▶ Problem requirements:
Beginning with the line below that contains "高汤、鸡蛋、胡萝卜、葫芦、面条、熟牛肉、水。" and ending with the line that contains "Ss Cn Sangallo", retype every line exactly. Pictures are not copied.

▶ Material supplied:
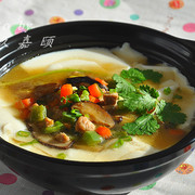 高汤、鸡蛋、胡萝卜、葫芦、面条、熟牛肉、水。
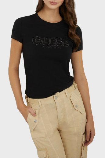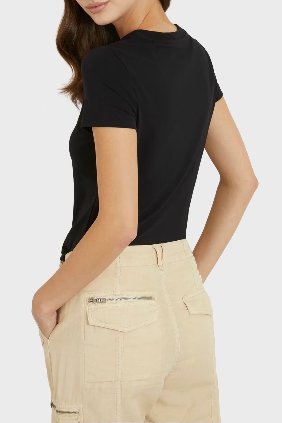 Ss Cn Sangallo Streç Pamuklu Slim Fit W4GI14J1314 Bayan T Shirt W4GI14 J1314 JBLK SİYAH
---
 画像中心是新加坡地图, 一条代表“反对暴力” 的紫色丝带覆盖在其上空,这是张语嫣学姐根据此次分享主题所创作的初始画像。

▶ Solution for this exercise:
 高汤、鸡蛋、胡萝卜、葫芦、面条、熟牛肉、水。
 Ss Cn Sangallo Streç Pamuklu Slim Fit W4GI14J1314 Bayan T Shirt W4GI14 J1314 JBLK SİYAH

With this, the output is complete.